Dataset section:

_ _ _

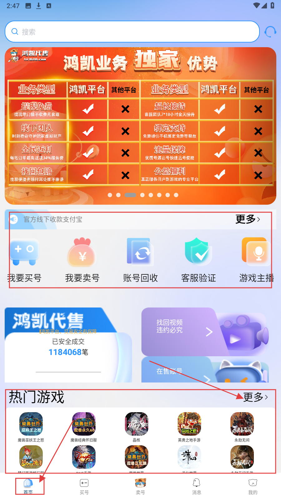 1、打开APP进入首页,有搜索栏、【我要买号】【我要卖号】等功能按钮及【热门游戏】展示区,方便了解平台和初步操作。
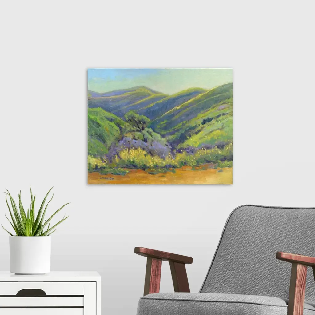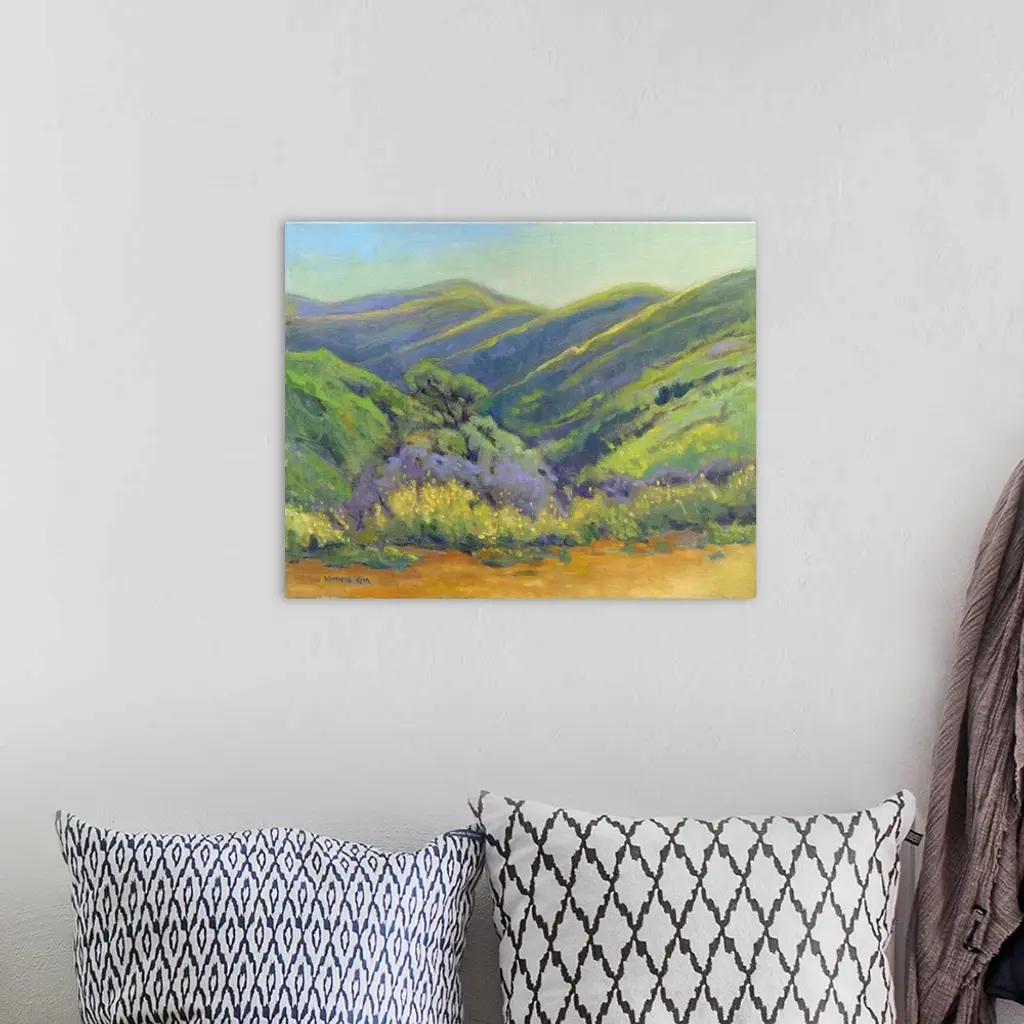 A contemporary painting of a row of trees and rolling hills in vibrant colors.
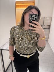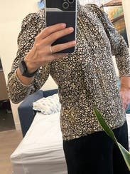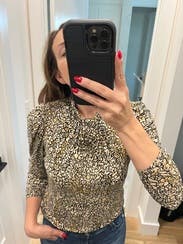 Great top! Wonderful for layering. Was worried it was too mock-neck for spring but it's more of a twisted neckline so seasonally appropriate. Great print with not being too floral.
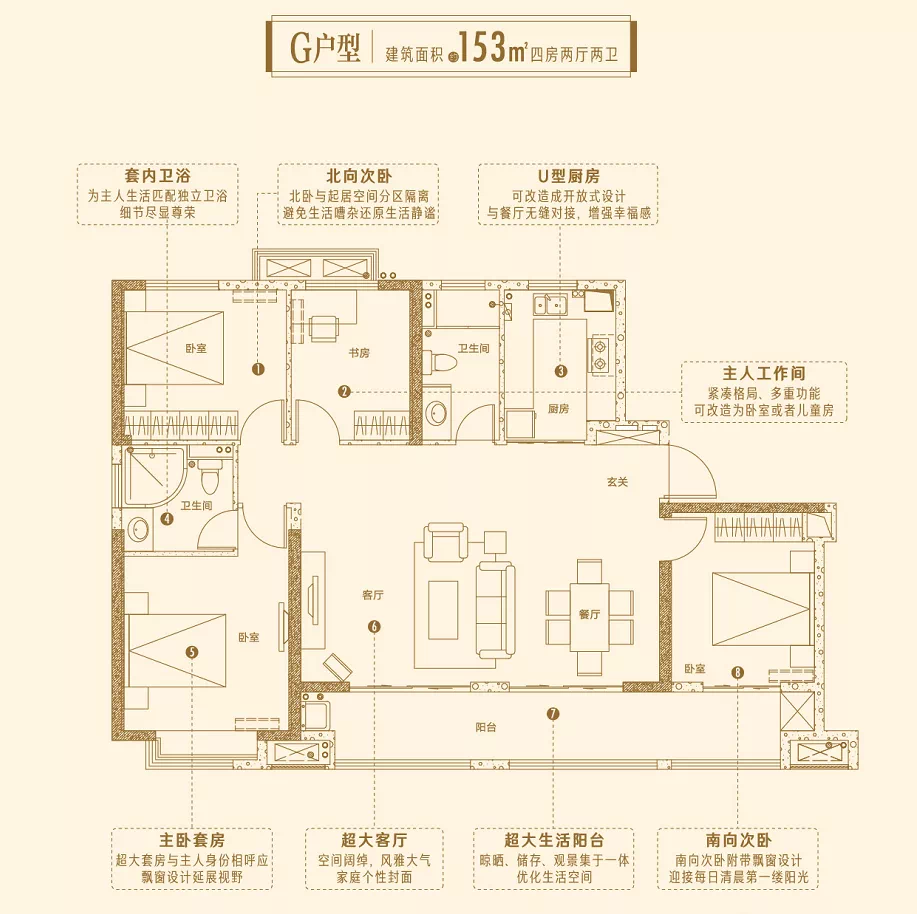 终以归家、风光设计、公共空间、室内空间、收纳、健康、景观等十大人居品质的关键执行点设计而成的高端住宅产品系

_ _ _

What is required:
Beginning with the line that contains "A contemporary painting" and ending with the last line of the data, transcribe each line exactly; pictures stay out.

Finished exercise:
 A contemporary painting of a row of trees and rolling hills in vibrant colors.
 Great top! Wonderful for layering. Was worried it was too mock-neck for spring but it's more of a twisted neckline so seasonally appropriate. Great print with not being too floral.
 终以归家、风光设计、公共空间、室内空间、收纳、健康、景观等十大人居品质的关键执行点设计而成的高端住宅产品系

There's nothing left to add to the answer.